=== Task to carry out ===
Restate the following data in its entirety, word for word and without images.

=== Data excerpt ===
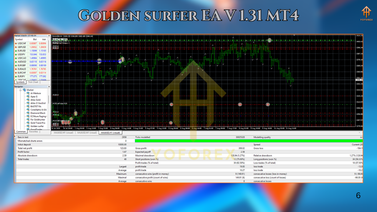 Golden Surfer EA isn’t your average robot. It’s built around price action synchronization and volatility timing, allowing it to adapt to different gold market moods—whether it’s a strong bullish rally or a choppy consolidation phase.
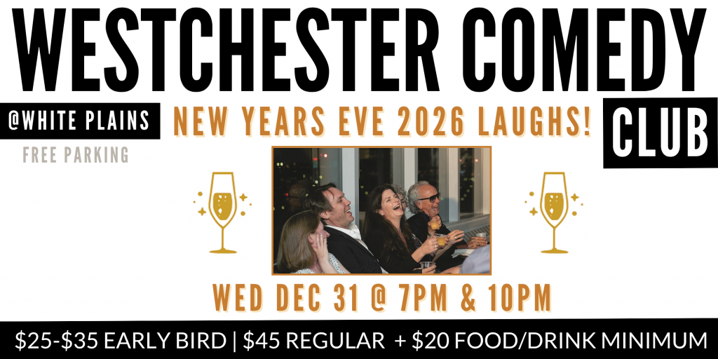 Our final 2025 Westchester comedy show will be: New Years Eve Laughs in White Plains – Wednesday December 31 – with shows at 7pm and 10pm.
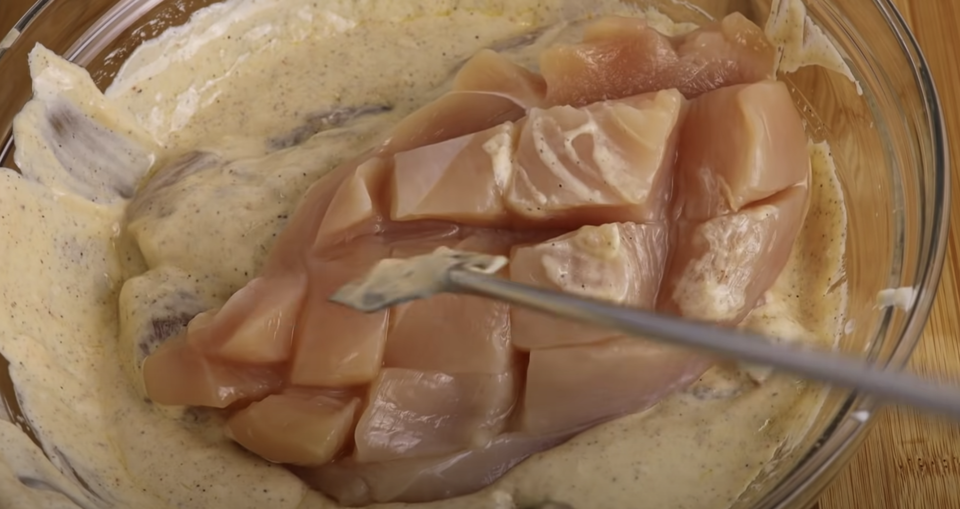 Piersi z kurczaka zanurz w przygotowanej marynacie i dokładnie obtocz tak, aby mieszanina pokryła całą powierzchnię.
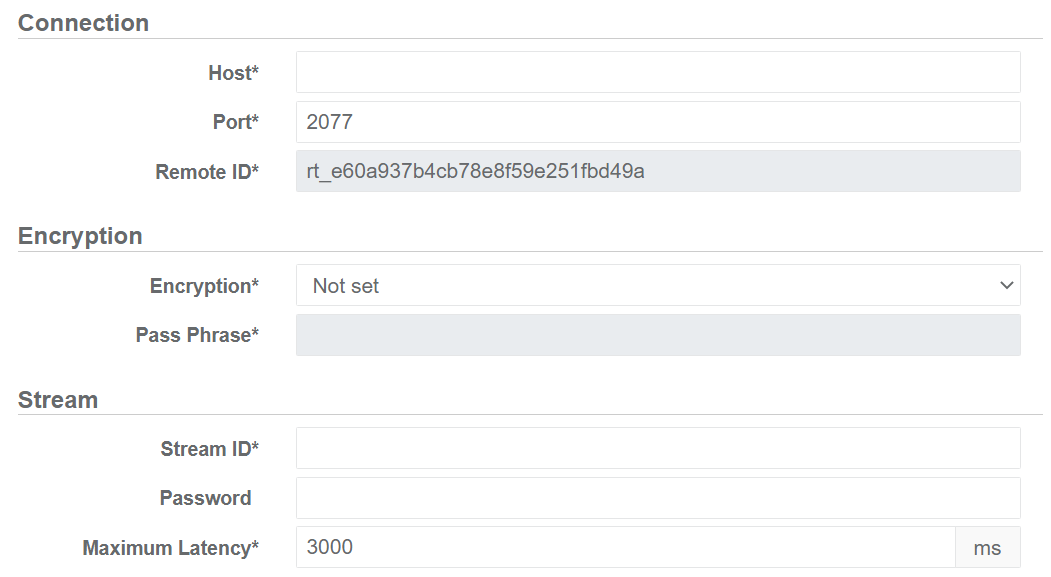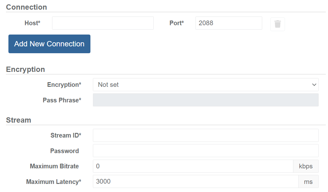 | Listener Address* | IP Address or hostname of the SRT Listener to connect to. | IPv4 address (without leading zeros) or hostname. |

=== Task response ===
 Golden Surfer EA isn’t your average robot. It’s built around price action synchronization and volatility timing, allowing it to adapt to different gold market moods—whether it’s a strong bullish rally or a choppy consolidation phase.
 Our final 2025 Westchester comedy show will be: New Years Eve Laughs in White Plains – Wednesday December 31 – with shows at 7pm and 10pm.
 Piersi z kurczaka zanurz w przygotowanej marynacie i dokładnie obtocz tak, aby mieszanina pokryła całą powierzchnię.
 | Listener Address* | IP Address or hostname of the SRT Listener to connect to. | IPv4 address (without leading zeros) or hostname. |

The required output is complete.